Cross posted from Grist
By Nell Greenberg, Rainforest Action Network
Last week, blasting began on Coal River Mountain in West Virginia. This is a part of the country where dynamite routinely goes off—turning the region’s historic mountain ranges into dust for the tiny coal seams that lie beneath their surface.
But Coal River Mountain is special, or, rather, you can decide whether it becomes special. Right now, Coal River Mountain represents the best and worst our country has to offer. It is one of the most dangerous examples of blasting for dirty coal and one of the most profound examples of hope that exist in our country. It is a crossroads.

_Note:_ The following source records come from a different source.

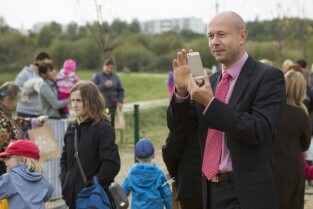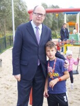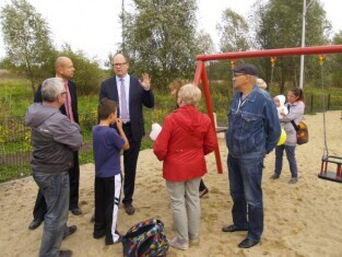 Gdańsk, Zakoniczyn. Otwarcie "Ekologicznego Placu Zabaw", który powstał z komponentów pochodzących recyklingu. Fundatorem placu jest Zakład Utylizacyjny w Gdańsku. Nz. Prezydent Gdańska Paweł Adamowicz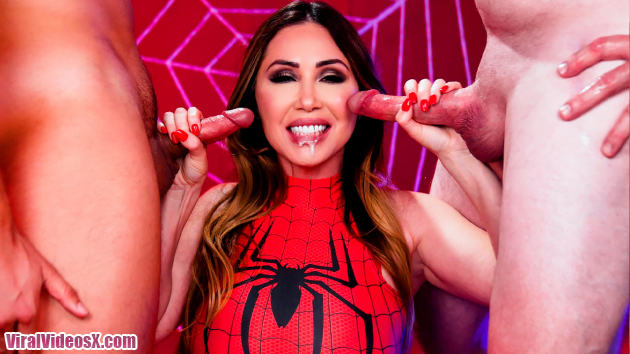 Statuesque, stacked stunner Kianna Dior portrays The Amazing SpiderGirl in a special parody scene for Halloween! The long-haired MILF beauty's skin-tight, red-and-black disguise shows off her big boobs. She takes off her mask, drawing two hard-ons (and the audience) into her web! Hungering to give blowjobs, Kianna kneels between two naked, ready erections. When she's not wetly sucking Jonni Darkko and Jay Smooth's hard boners, she's talking dirty! Kianna swirls her tongue on the tools and strokes the shafts with manicured fingers. Drool runs down her chin. She groans, gurgles and gasps as Jonni's big cock fucks her throat. This BJ superhero deepthroats both dicks, sucks balls and plays with the slobber strands connecting the pricks to her face. Wanting her semen fix, Kianna says, 'Blow your web on my face.' A thick, sloppy double cum facial coats her forehead and fills her eye sockets, dripping onto her tongue and tits. The guys' rods smear jism into her skin and mouth. She swallows sperm, saying her super powers are increasing! A graphic instant replay shows the facial slathering again, close up and in slow-motion!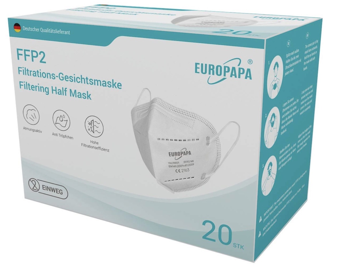 Der 20er Pack FFP2 Atemschutzmaske der Marke EUROPAPA ist bei Amazon im Angebot.
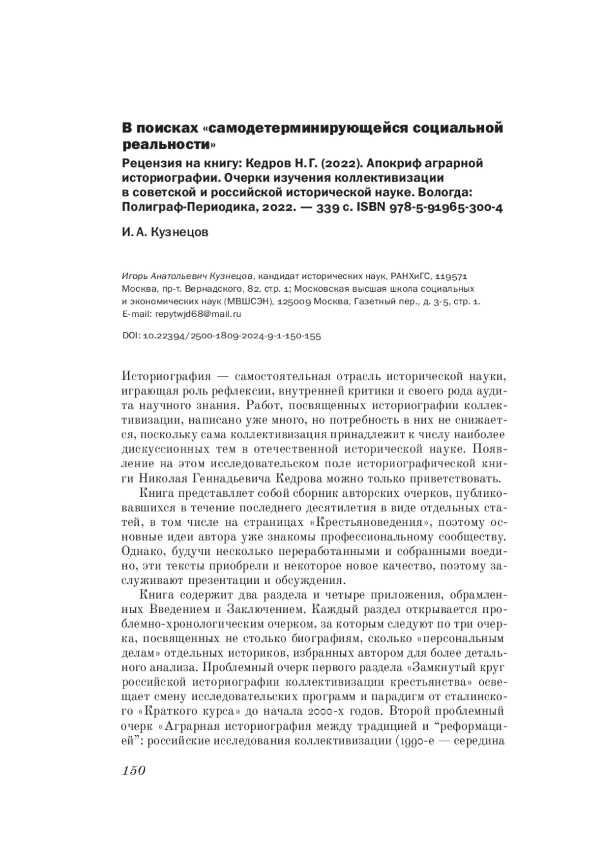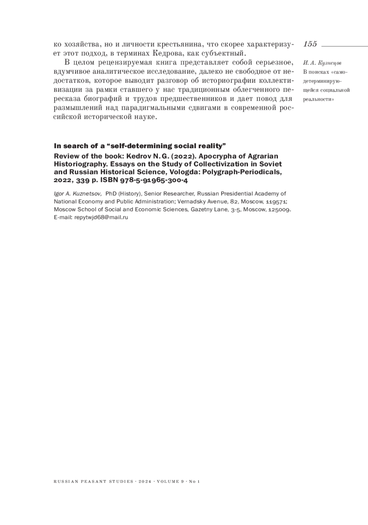 Рецензия на книгу: Кедров Н. Г. (2022). Апокриф аграрной историографии. Очерки изучения коллективизации в советской и российской исторической науке. Вологда: Полиграф-Периодика, 2022. - 339 с. ISBN 978-5-91965-300-4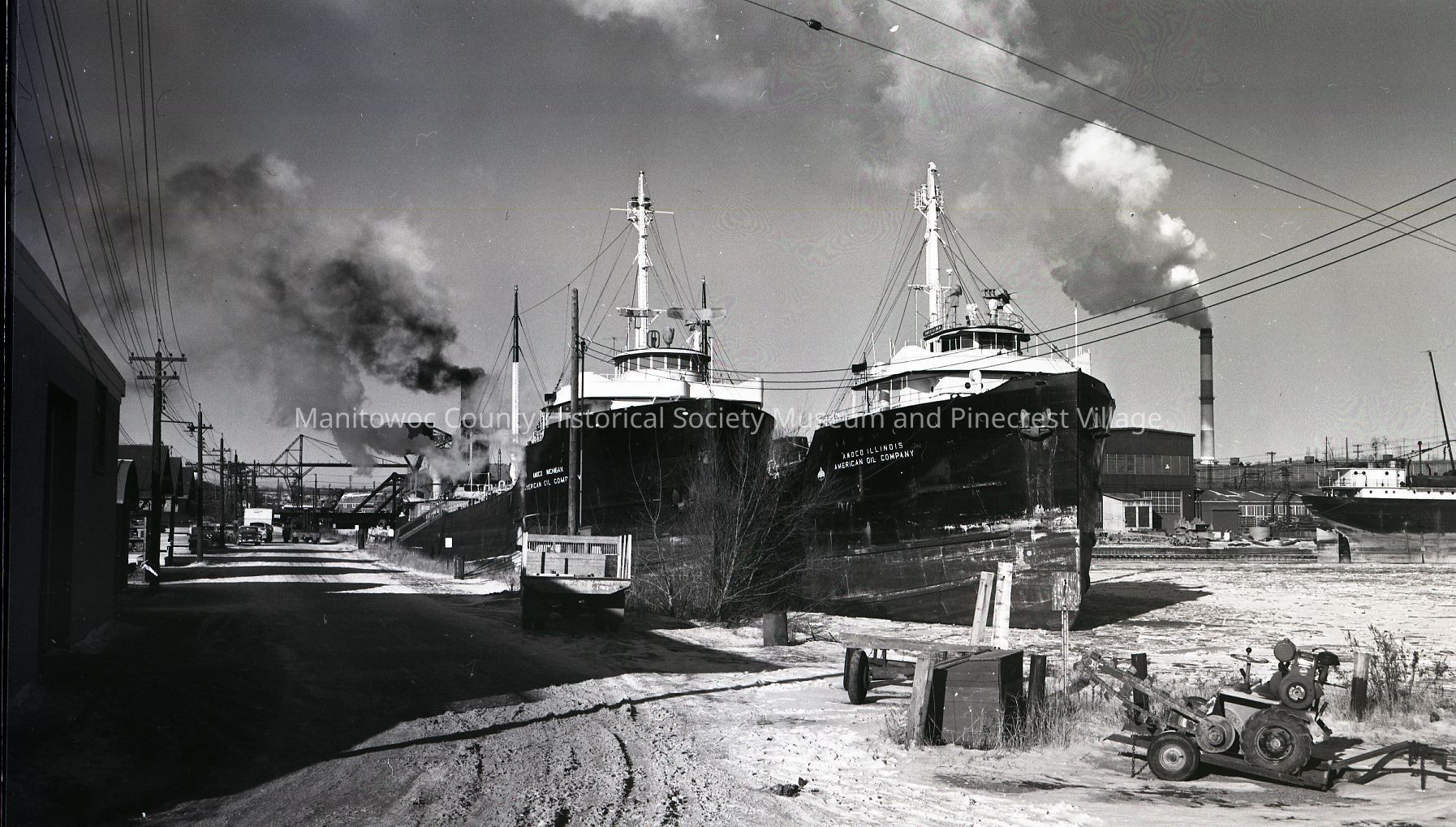 Tankers Illinois & Michigan docked at Manitowoc Shipbuilding for winter lay-up. Photograph taken on January 13th, 1964.Made/Created

Coal River Mountain can be a wind farm that provides 85,000 households with electricity, creates 700 long-term green jobs, gives back $1.7 million in annual county taxes and stands as a model for clean energy across coal country. Or, it can be a 6,000-acre dirty energy wasteland.
Stretching across thousands of acres of diverse and pristine hardwood forests, Coal River Mountain is one of the last intact mountains in the vicinity. It is also home to some of the few remaining headwater streams that have not been polluted with heavy metal-laden mine waste. To local residents, the mountain is a last stand.
When blasting began on Coal River Mountain this week, explosives began going off less than 100 yards from the largest coal sludge impoundment in the country. To put this in perspective, we are talking about more than eight billion gallons of coal slurry held back by an earthen dam. Were the dam to fail, and it has happened in the past, hundreds of people would have less than five minutes to save their lives.